My main research at present is how aviation – and by extension all important technologies – shifted from an art to a science over 80 years. Tentative book title is From Daredevils to System Operators.
I have a small research center, the Global Information Industry Center. (At some universities, the number of centers is greater than the number of faculty members!) We are busy quantifying the world’s information.
My official faculty page is http://irps.ucsd.edu/faculty/faculty-directory/roger-e-bohn.htm
My Google Scholar publications list is at http://scholar.google.com/citations?hl=en&user=LfG6NDsAAAAJ
Paul Conway of the University of Michigan suggested I look at your How Much Information report in light of NEDCC’s upcoming conference, “The Tectonics of Digital Curation: A Symposium on the Shifting Preservation and Access Landscape” (http://www.nedcc.org/education/conferences/todc2010/todcdesc.php). Your distinction between data and information is an interesting one. And I was especially intrigued by your valuation of the Gettysburg Address. In the cultural heritage world, we are rethinking what it means to be a curator of analog — and now digital — artifacts. We’ve asked Brewster Kahle (the keynote speaker) to address the implications of overwhelming quantities of data (though in your terms, information) on the curation of cultural heritage moving forward.

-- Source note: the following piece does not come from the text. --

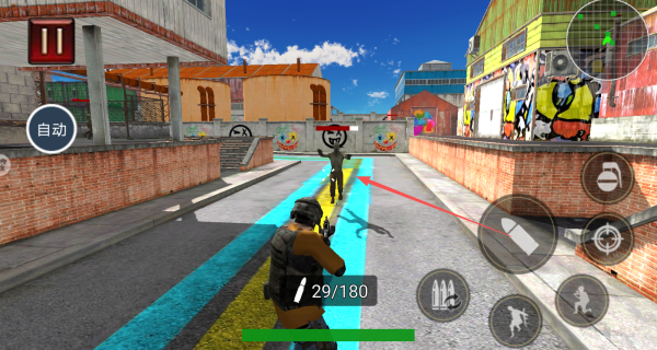 1、我们可以点击右侧的射击按钮直接进行射击的,将场景中所有的僵尸全部都消灭掉。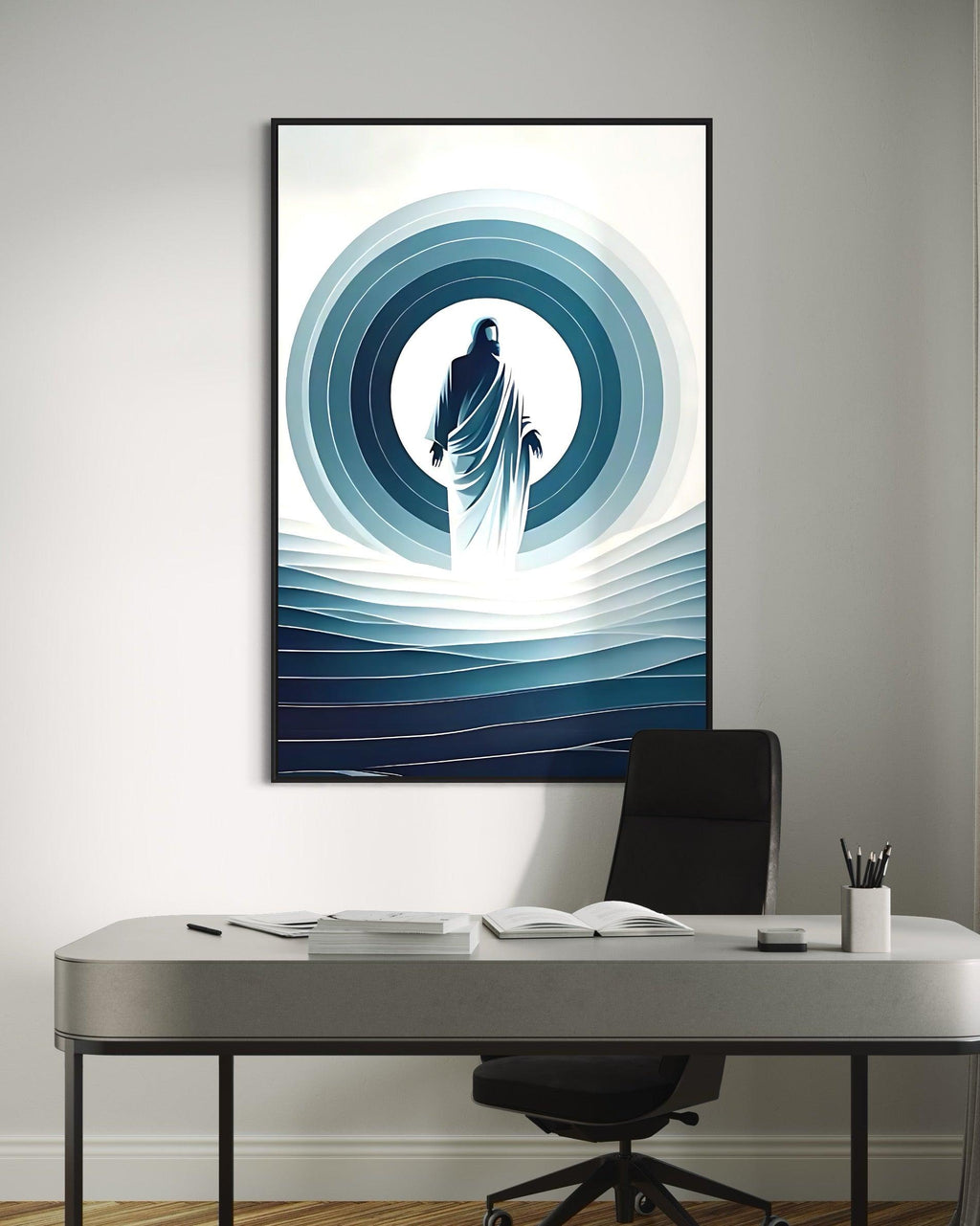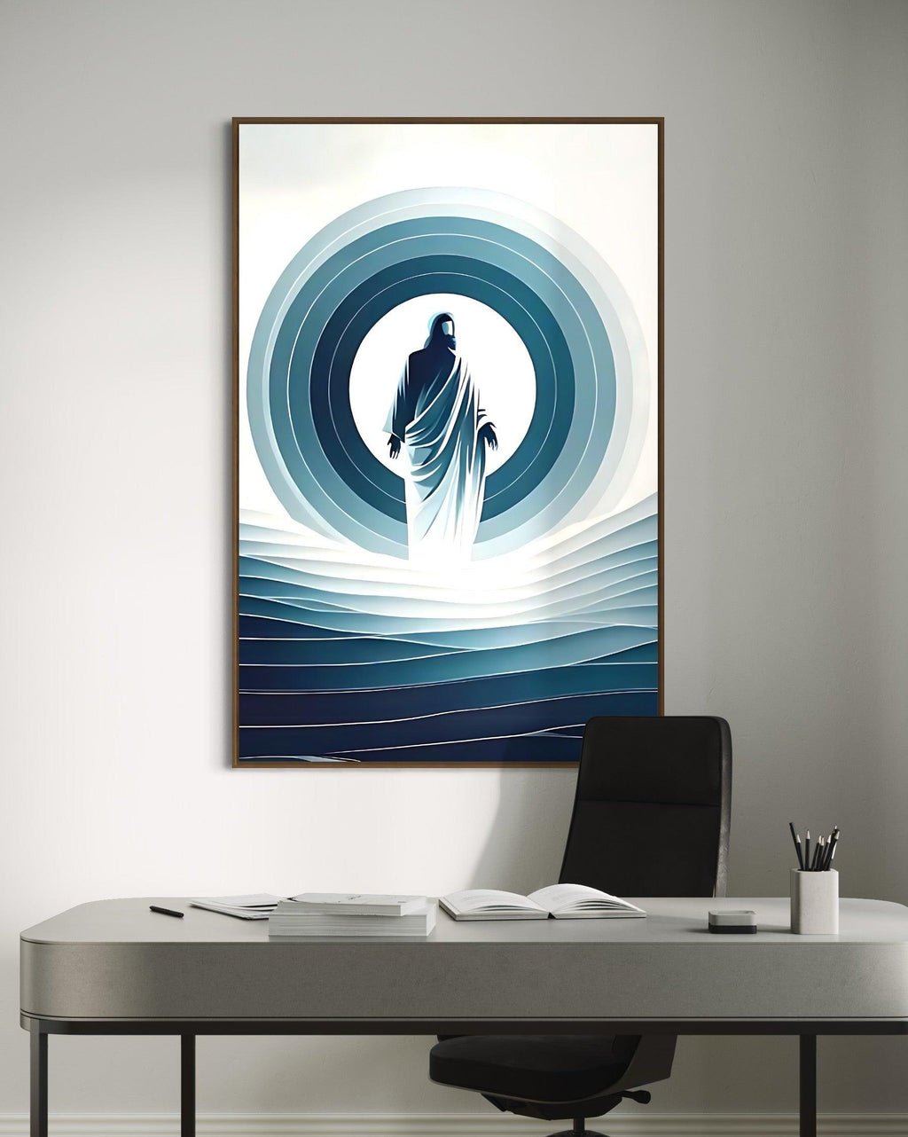 A simplicidade das linhas e a escolha cuidadosa das tonalidades de azul e branco criam uma sensação de profundidade e serenidade, evocando a presença celestial de Cristo. A imagem central, emoldurada por formas que sugerem tanto o céu quanto o caminho espiritual, atrai o observador para uma reflexão profunda e pessoal.

The distinction between data and information is more subtle than our report discussed. English has only 3 words (data, information, knowledge) to cover a continuous spectrum of meanings. In the context of our report, we are distinguishing “bytes meaningful to people” by calling it information, while “raw bytes” are data.
There is a lot of interest in the “information overload” issue. The term is about 50 years old!